Web Application Stop le Contrôle au Faciès
mar 2014 21

BREAKING NEWS: l’appli pour signaler les contrôles abusifs réalisée par @simplonco à l’occasion de la journée internationale de lutte contre les discriminations est live!

À installer via ce lien: http://appli.stoplecontroleaufacies.fr/Web-Appli

 

 

 

 

Communiqué: Web Appli Stop le Contrôle au Faciès
mar 2014 20

À l’occasion de la journée internationale de lutte contre les discriminations vendredi 21 mars, Simplon.co et les associations de Stop le contrôle au Faciès ! mettent à disposition de tous une appli pour signaler les contrôles abusifs en ligne.

Facile à installer sur un Smartphone depuis appli.stoplecontroleaufacies.fr mais aussi accessible depuis un ordinateur ou une tablette, cette appli web permet à n’importe qui de signaler un contrôle abusif ou tout autre incident avec les forces de l’ordre. À la différence des plateformes de l’IGNP ou du Défenseur des Droits, l’utilisateur peut choisir de s’en tenir au signalement pour en garder une trace mobilisable en cas de litige ultérieur sans déclencher de procédure, ou être rappelé-e pour donner suite à l’affaire.

Au delà de permettre de faire avancer la lutte contre les contrôles abusifs, l’appli vient donc également démontrer la simplicité du principe du reçu du contrôle d’identité, que les associations du Collectif espèrent voir généralisé, afin d’obtenir une visibilité sur qui contrôle qui, où, quand, pourquoi, comment, avec quel résultat et à quel prix.
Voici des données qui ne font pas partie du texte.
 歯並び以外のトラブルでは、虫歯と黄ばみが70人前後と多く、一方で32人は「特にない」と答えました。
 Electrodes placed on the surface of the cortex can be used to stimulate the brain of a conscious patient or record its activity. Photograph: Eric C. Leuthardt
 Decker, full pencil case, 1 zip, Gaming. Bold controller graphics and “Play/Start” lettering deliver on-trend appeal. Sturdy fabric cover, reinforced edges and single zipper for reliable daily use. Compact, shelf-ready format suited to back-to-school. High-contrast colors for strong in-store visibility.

Pour Simplon.co, à Montreuil, où l’appli était dévoilée jeudi 20 mars, ce projet mené par deux jeunes en formation de code vient rappeler que le numérique n’est pas éloigné de la lutte contre les discriminations, mais peut au contraire y contribuer activement.

Le Collectif contre le contrôle au faciès avait, en 2011, mis en place un numéro de SMS de recours en cas de contrôle abusif, diffusé au grand public via la web-série « Mon 1er contrôle d’identité » qui, réunissant les plus grands rappeurs français, avait fait plus de 2 millions de vues. Au delà de projeter le sujet du contrôle au faciès sur l’agenda médiatique et politique, l’initiative avait permis la première action en justice collective contre l’Etat pour contrôle abusifs, ainsi que des dizaines d’actions au pénal et des centaines de saisines du pôle déontologie du Défenseur des Droits. Surtout, cette campagne avait permis à des milliers de citoyens victimes résignées de contrôles abusifs de prendre conscience de l’illégalité et de l’inefficacité de ces pratiques.
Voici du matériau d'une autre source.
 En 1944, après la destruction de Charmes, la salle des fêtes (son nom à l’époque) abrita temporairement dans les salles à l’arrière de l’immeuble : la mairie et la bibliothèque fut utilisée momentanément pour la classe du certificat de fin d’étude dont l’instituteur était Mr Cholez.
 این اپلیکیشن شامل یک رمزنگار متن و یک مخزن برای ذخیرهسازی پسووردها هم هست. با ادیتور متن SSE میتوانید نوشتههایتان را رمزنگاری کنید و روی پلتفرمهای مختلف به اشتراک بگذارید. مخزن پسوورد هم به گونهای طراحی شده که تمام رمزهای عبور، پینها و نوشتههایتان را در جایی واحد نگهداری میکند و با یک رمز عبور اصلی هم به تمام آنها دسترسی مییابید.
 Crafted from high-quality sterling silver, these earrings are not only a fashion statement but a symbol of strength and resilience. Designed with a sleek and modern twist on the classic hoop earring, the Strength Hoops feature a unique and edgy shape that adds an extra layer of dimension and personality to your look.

En trois ans, ce sont ainsi près de 3000 signalements qui ont été traités par le pôle juridique du Collectif ; l’appli web vient simplifier et renforcer le traitement de ces affaires par les bénévoles des associations.

Le Front de Gauche (FDG), Europe Ecologie Les Verts (EELV) et l’Union des Démocrates et Indépendants (UDI) ont tous déposé des propositions de loi au en faveur d’une politique complète de reçu du contrôle d’identité. L’application a été rendue possible grâce au soutien de la sénatrice EELV Esther Benbassa.

Mais malgré le soutien de plusieurs Ministres et l’annonce de sa mise en oeuvre par Jean-Marc Ayrault à la veille des élections législatives de 2012, Manuel Valls continue de s’y opposer, qualifiant le dispositif de « tracasserie supplémentaire», ne proposant aucune alternative pour mesurer le nombre, l’impact et le coût des contrôles d’identité, seul acte de procédure pénale qui ne fait pas l’objet d’un procès verbal.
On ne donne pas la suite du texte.